Train-riders gang linked to Kansas murder
Authorities say boxcar transients roam the rails, committing violent crimes nationwide
Their name sounds innocent enough: Freight Train Riders of America.
But some law enforcement officers who have traced their activities also know them as the “boxcar killers,” and at least one murder in Kansas in the past seven years was committed by one of them.
“It’s like being in a street gang,” said Kansas City, Mo., homicide detective Everett Babcock. “FTRA gives them an identity.”
Since Nov. 9, 2001, when a transient was found slain along a Kansas City railway, Babcock had been looking for James Sali, a transient known to travel by hopping trains and believed to be a member of the train riders group.
Then, two weeks ago, Sali was featured on “America’s Most Wanted” television show and was soon captured after jumping off a freight train in New Orleans.
Sali later told reporters, “Make sure you put down the FTRA.”
In 1995, another suspected member killed a Virginian named Charles Boyd at Kanopolis Lake. Kansas Bureau of Investigation agent Bruce Mellor worked with a Salem, Ore., detective and others to track down Robert Silveria.
“That was the first I’d heard of FTRA,” said Mellor, who works out of the KBI office in Great Bend.
Nobody knows how many FTRA members there might be. But they are reputed to be a group of hobo killers who primarily prey on other transients, robbing them for what they can get. Stolen identification is then used to obtain money and food.
The group is thought to have started in the 1980s as a brotherhood with racist overtones. And law enforcement agencies soon began taking a closer look at transients killed along railroads and in rail yards.
“A transient can be killed, and there isn’t usually any big public outcry,” Mellor said.
Silveria pleaded guilty to the Kanopolis murder as well as to three others, two in Oregon and one in Florida, Mellor said.
Searches for Silveria and Sali led investigators into the world of hobos. In Kansas City, a series of slayings of transients in the late 1990s and 2000 caused police to start studying the hobo community.
“We went down into the camps, and we got to know them pretty well,” Babcock said. “That was the first we heard about FTRA.”
Detectives later determined those deaths weren’t connected to FTRA, Babcock said.
That experience, however, helped detectives when it came time to investigate the death of the transient Sali is charged with killing. Police were told that a few months before the November 2001 slaying, there had been an FTRA convention in the Kansas City area, Babcock said.
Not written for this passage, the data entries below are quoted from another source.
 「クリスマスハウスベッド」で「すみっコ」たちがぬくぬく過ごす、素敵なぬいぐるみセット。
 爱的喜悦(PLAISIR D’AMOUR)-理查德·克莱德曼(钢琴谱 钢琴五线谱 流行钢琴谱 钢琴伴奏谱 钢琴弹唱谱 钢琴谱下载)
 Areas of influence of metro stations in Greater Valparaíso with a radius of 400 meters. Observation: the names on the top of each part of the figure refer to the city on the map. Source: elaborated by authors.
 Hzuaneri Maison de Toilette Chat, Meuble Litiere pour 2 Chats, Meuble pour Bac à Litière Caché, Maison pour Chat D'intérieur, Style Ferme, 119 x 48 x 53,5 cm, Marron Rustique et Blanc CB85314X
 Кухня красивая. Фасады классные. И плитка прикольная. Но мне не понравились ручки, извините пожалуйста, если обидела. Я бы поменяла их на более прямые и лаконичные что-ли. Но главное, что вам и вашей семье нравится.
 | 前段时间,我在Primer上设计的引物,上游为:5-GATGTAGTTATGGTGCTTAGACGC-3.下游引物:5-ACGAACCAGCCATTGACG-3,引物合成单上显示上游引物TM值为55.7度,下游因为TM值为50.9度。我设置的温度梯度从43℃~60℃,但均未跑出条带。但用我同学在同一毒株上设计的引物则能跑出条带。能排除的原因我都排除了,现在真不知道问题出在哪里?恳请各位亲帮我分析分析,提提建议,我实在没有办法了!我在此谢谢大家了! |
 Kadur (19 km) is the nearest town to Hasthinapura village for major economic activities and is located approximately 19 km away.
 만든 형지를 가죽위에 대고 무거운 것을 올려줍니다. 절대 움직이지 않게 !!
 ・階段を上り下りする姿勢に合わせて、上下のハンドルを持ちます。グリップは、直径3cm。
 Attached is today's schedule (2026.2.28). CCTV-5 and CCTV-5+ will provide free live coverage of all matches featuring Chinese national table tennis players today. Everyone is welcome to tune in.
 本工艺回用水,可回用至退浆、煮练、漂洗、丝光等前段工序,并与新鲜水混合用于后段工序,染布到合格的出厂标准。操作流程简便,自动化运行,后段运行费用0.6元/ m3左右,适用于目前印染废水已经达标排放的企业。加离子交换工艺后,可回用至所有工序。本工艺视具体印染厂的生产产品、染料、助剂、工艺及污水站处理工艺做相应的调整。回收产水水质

In searching for Silveria, Mellor and Salem detective Mike Quakenbush visited the annual hobo convention in Britt, Iowa. They sought information about Silveria.
“That was very interesting,” Mellor said. “We walked in wearing jeans and T-shirts, and they knew right away we were cops.”
With a couple of exceptions, most of the hobos at the convention wouldn’t talk about Silveria or FTRA, Mellor said.
Eight months after the Kanopolis slaying, Silveria was arrested in Auburn, Calif., – carrying his victim’s credit card.
Unlike most of the other homicides, the Kanopolis case didn’t involve railroad tracks. The victim, Boyd, and Silveria met in El Paso, Tex. Boyd, described by Mellor as a Good Samaritan, recruited Silveria from a soup kitchen to help build a bunk house for a church.
Boyd and Silveria later left El Paso and ended up camping out at Kanopolis. Silveria then robbed and killed Boyd.
Mellor said he knew of no other cases in Kansas attributed to FTRA nor does he know of any remaining unsolved murder cases in which FTRA members might be suspects.